Automation Variables: Observability that Responds

Automation variables are where observability becomes truly adaptive. These variables are not about setting up pipelines — they're about changing them in real time based on what the system is doing. Imagine flipping a switch to enable log filtering when traffic spikes, triggering data replays during incidents, or adjusting buffer thresholds dynamically based on observed risk patterns.

In short, automation variables let your observability infrastructure respond — not just report. They bridge the gap between telemetry and action, enabling use cases like anomaly detection, incident remediation, and real-time ops tuning.

A Practical Example: Dynamic Data Filters

We can ground all this theory using a practical use case — dynamic log filtering. Filters should:

• Include or exclude services based on lifecycle stage (e.g., retain full logs for newly deployed services).
• Be toggled when telemetry volume exceeds defined thresholds.
• Share quotas to maximize data pass-thru without breaching observability budgets.

Achieving this requires a blend of configuration (to define what and how to filter) and automation (to turn filters on/off in response to volume metrics or incidents). Together, they enable a telemetry system that is cost-aware, context-sensitive, and operationally agile.

From Observation to Action: The Role of Evaluation Functions in Dynamic Observability

To truly operationalize dynamic observability, it's not enough to just make telemetry pipelines configurable at runtime — we also need a way to evaluate telemetry in motion and take action based on what we observe. This is where evaluation functions (or "evals") come into play.

Evaluation functions act like continuous queries over your telemetry streams. They monitor live data in real time, apply logic, and return actionable signals. Combined with telemetry control variables, evals enable systems that not only observe their own behavior but also respond to it dynamically.

What Do Evaluation Functions Look Like?

Evals come in different forms, depending on what you want to measure or detect. A few key examples:

• Byte Counters: Track the volume of telemetry (e.g., log data) sent by each service. You can aggregate by service or team by enriching the data with service ownership metadata.
• Error Rate Trackers: Continuously compute 5-minute rolling error counts per service. If error rates cross a threshold, trigger alerts or automate mitigation workflows.
• Pattern Matchers: Scan telemetry for sensitive or targeted patterns — like traces containing a specific username or database table — and route relevant spans to developers or incident response systems.
• Security detectors: scan telemetry data for package manifests. Store those in a ClickHouse software Bill of Materials. Separately, join the ClickHouse data with known CVE metadata as a lookup table and escalate to SecOps any production deployments and memory-resident copies of known vulnerable libraries.

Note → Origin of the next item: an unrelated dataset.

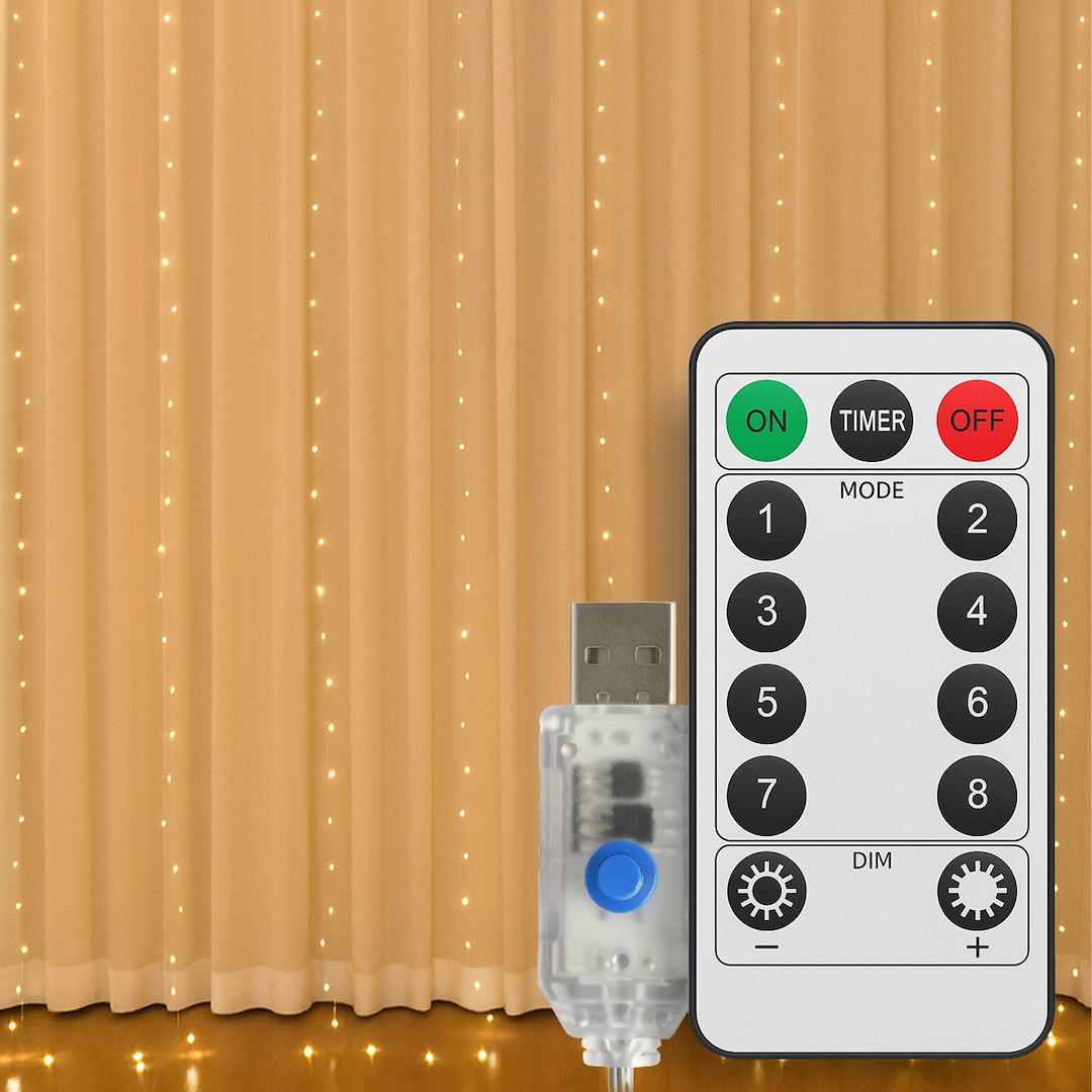 Светлинна завеса MERY с 300 топло бели LED светлини (3000K), размер 3х3 метра, USB захранване, дистанционно управление и 8 режима на светене. Перфектна за декорация на прозорци, завеси и стени.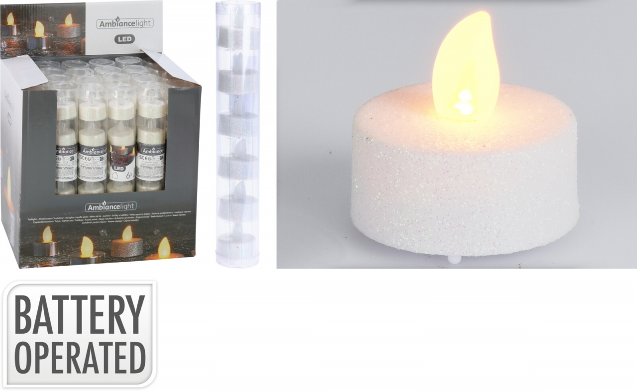 Bílá čajová LED svíčka s flitry - sada 6ks

These functions can be grouped into three broad categories:

• Statistical Evaluations (counters, rates, thresholds)
• Continuous Queries & Pattern Matchers
• Custom Plug-in Functions, which can be authored to support domain-specific needs

Evals Don't Just Return Values — They Trigger Actions

What makes evals powerful is that they're not passive. When conditions are met, they can drive automation:

• Triggering alerts in Slack or PagerDuty
• Launching ServiceNow or CI/CD workflows
• Calling cloud provider APIs to scale infrastructure or quarantine workloads
• Reconfiguring observability pipelines in real time

This approach pushes observability, specifically OpenTelemetry-beyond monitoring. It turns OpenTelemetry into a smart telemetry hub for your systems.

Injected Capabilities: Dynamic Dependency Injection in OpenTelemetry

One of the more compelling use cases for dynamic OpenTelemetry is the ability to inject system capabilities at runtime — much like in modern development languages. With configuration variables and evaluation functions working in tandem, OpenTelemetry can dynamically alter its behavior based on live conditions, data patterns, or business logic.

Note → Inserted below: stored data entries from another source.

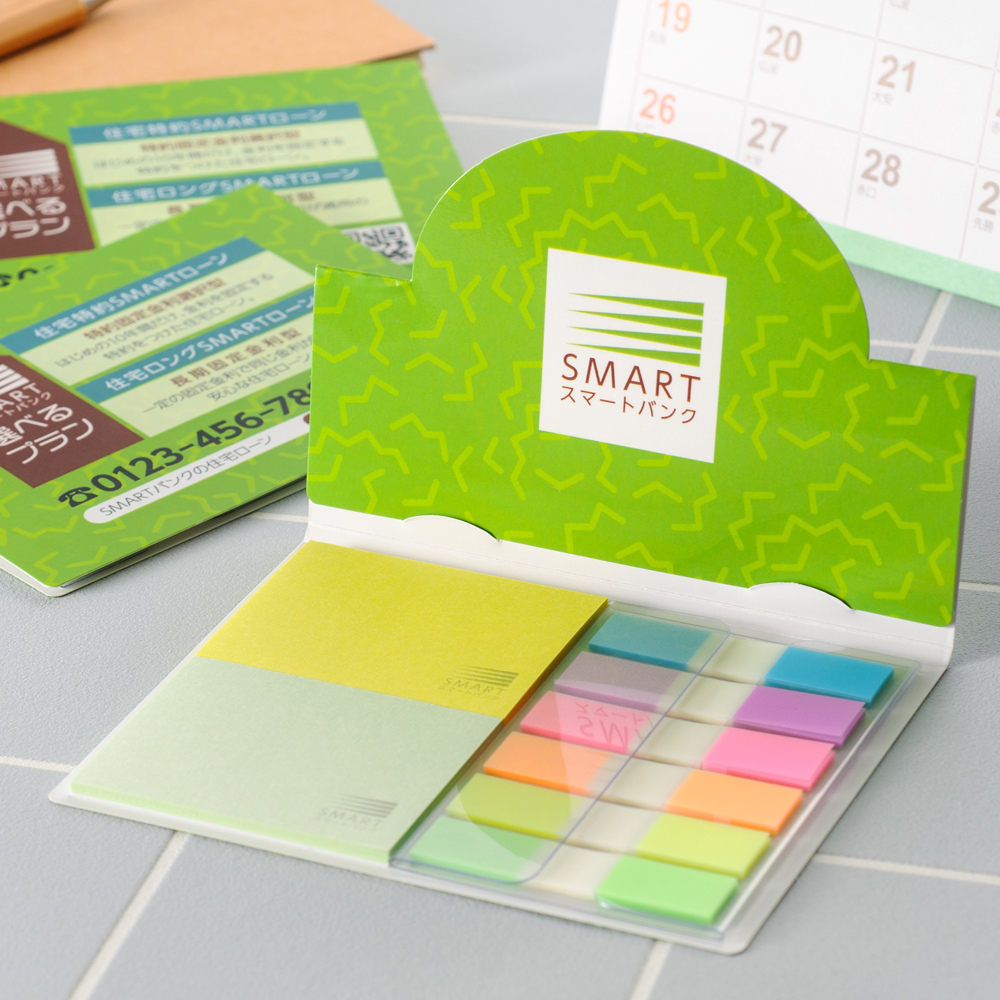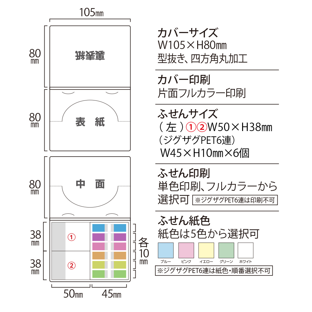 カバー:ホワイトのみ、ふせん:ホワイト、グリーン、イエロー、ブルー、ピンクから選択可、PET6連印刷不可  |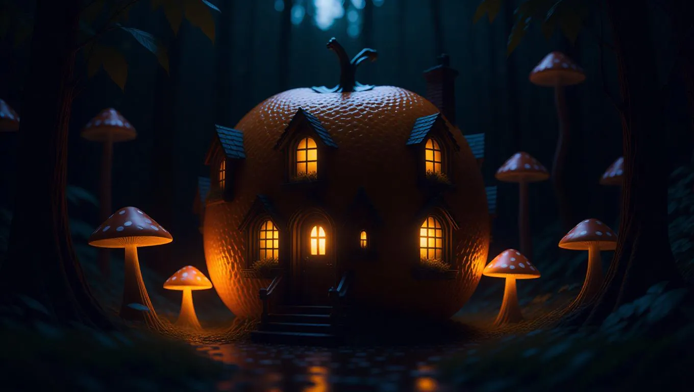 A whimsical house intricately carved from a giant orange, windows glowing warmly at night, surrounded by a dark, mysterious forest, with glowing mushrooms and a whispering wind adding to the eerie ambiance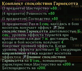Раз в 1 сек. находясь в бою носитель получает эффект Эхо спокойствия Гарнекотта длительностью 15 сек., уровень эффекта теряется при преодолении каждых 7 м. дистанции. При входе в бой носитель получает 4 бонусных уровней эффекта. Когда уровень эффекта достигает 12, следующая направленная атака наделит носителя эффектом Влияние спокойствия Гарнекотта на 8 сек., повышающим характеристики Мастерство на +200 и Беспощадность на +200.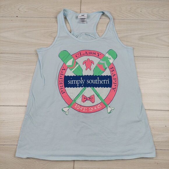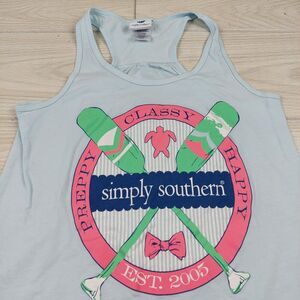 Simply Southern Tank Top Womens Large Preppy Classy Happy Racerback Beach Blue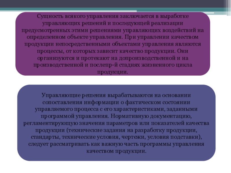 Управляющие решения вырабатываются на основании сопоставления информации о фактическом состоянии управляемого процесса с его характеристиками, заданными программой управления. Нормативную документацию, регламентирующую значения параметров или показателей качества продукции (технические задания на разработку продукции, стандарты, технические условия, чертежи, условия подставки), следует рассматривать как важную часть программы управления качеством продукции.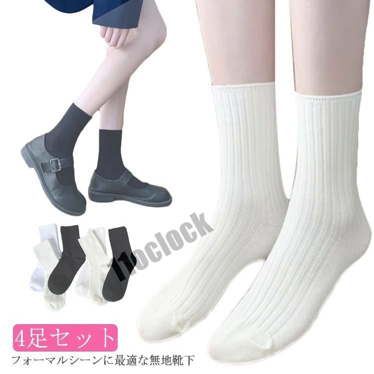 靴下 レディース クルーソックス 4足セット コットン ソックス くつ下 無地 おしゃれ 可愛い 春 秋 冬 蒸れない 快適 フォーマル
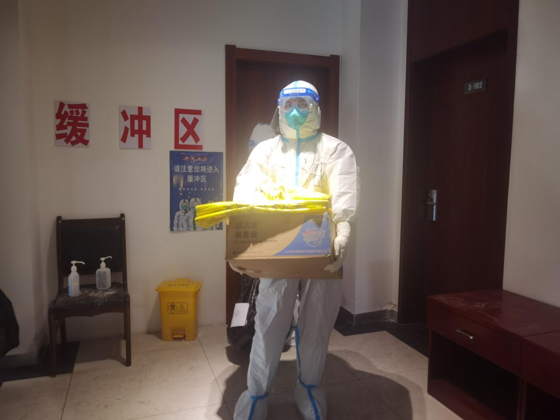 到了市委黨校隔離點后,葛福鴻便馬不停蹄地開始了各項工作,協助專班摸清每位學生的基本情況,建立臺賬;當起了“服務生”,了解學生的困難,協助專班解決學生的心理、生活等方面的問題;當起了“搬運工”,穿著厚重的、不透氣的防護服,為學生送上熱乎的飯菜和急需生活用品,清理生活和醫療垃圾。忙完每日工作,雖精疲力竭、腰酸背痛,但能在困難時期為學校分憂解難,為學生提供保障服務,從內心里感到所有的付出是值得的。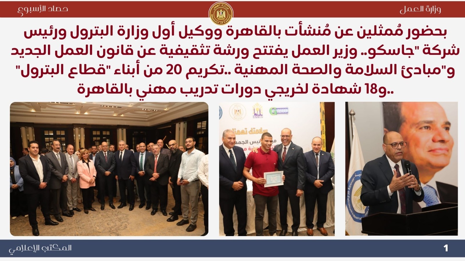 وحاضر السيد الشرقاوي مدير عام الإدارة العامة للتفتيش،وكيل مديرية عمل القاهرة، عن "قانون العمل" ،كما ألقى المهندس خالد عبد الله، مستشار وزير العمل للسلامة والصحة المهنية ، محاضرة عن أهمية نشر ثقافة السلامة والصحة المهنية للحفاظ على صحة العامل ،وسلامة أدوات الإنتاج.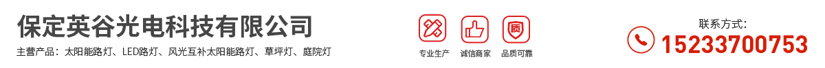保定英谷光电科技有限公司坐落于中国电谷“太阳能之城”——河北保定高新技术开发区,是一家从事以太阳能、风能及其他可再生能源项目的研发、生产、销售、施工、技术服务为一体的高新技术企业,拥有完整、科学的质量管理体系。产品主要包括保定路灯杆、保定监控杆、保定新农村太阳能路灯、廊坊太阳能led路灯、张家口水泥杆太阳能路灯、沧州农村太阳能路灯安装、晋城led太阳能路灯、运城农村太阳能路灯改造、吕梁太阳能路灯杆、太原led路灯、甘肃太阳能路灯、内蒙古风光互补太阳能路灯等光伏应用产品。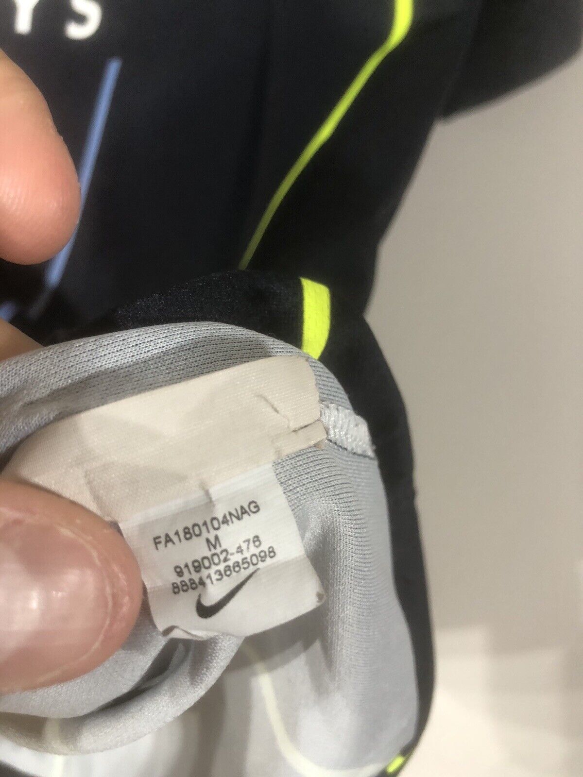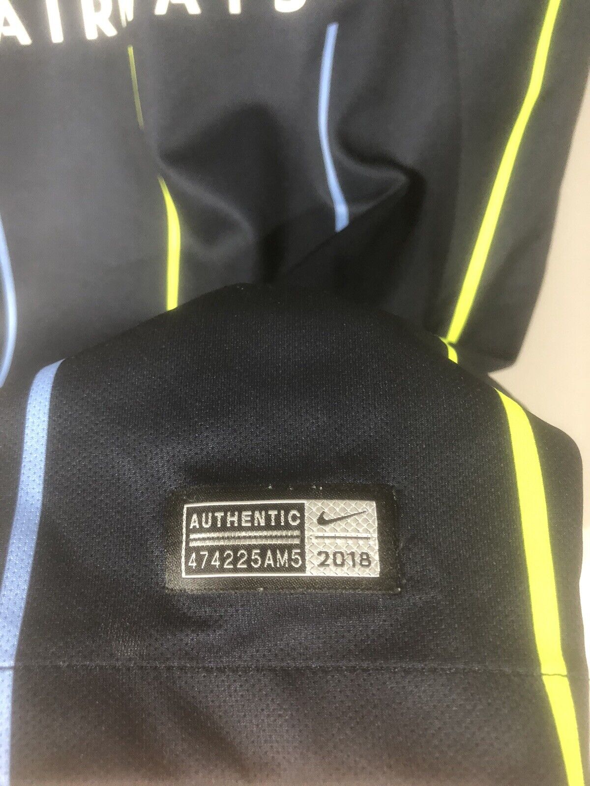 This is an excellent Manchester City away shirt from the 2018/19 season, featuring the number 4 and the name of legendary defender Vincent Kompany. The shirt has short sleeves and is a size medium, suitable for adults. It is a Nike brand shirt and has a black colour scheme.

In a previous post, we explored buffer replay — selectively routing stored telemetry during an incident. That's a perfect example of this model in action, where the routingProcessor can dynamically determine where to send log data based on runtime criteria.

But we can extend this concept much further. Let's look at a few examples of injected capabilities that can dramatically enhance the observability pipeline:

• Storage Tiering: Dynamically route telemetry to different storage backends based on data criticality or freshness — e.g., hot for active debugging, warm for recent history, and cold for archival compliance.
• Asynchronous External Queries: Instead of querying external systems every time you evaluate a variable, you can inject an asynchronous update loop. This decouples data freshness from query latency and keeps enriched context up to date without degrading pipeline performance.
• AI/ML Model Evaluation & Decisioning: Inject user-defined AI/ML models into your telemetry pipelines to enable intelligent decision branches. For example, use a model to classify anomalies in real time and decide whether to trigger alerts, escalate incidents, or initiate remediation workflows.

This model allows you to shift OpenTelemetry from being a static observability tool into a dynamic, programmable telemetry control plane — one that can adapt to your systems and evolve with your architecture.

Runtime Logic Loop: putting OpenTelemetry, variables, evals, and injection to work together

The following diagram provides a reference architecture for how to put all these concepts together in a core logic loop that turns the OpenTelemetry collector into a smart telemetry hub for enterprises who want to move from passive observation to automated actions.

Options for integration:

• Data science > scalars > vars loop
• Alerting and eventing computed using StructredStreaming
  1. statistics (tm-kidding)
• Evals computed using StructuresStreaming:
  1. toptalkers
  2. leasttalkers
  3. recentAnomalous
  4. youngestnodes
  5. oldestnodes
  6. anomaliesbyDiskIO6sigma
  7. others TBD thru partnership

Core Components of a Dynamic Observability System

To deliver a fully dynamic, smart telemetry hub, we rely on a modular architecture built around three key components: the Evaluator Core, the Event Processor, and the Compiler. Together, they transform static OpenTelemetry into a responsive, adaptable control plane for observability.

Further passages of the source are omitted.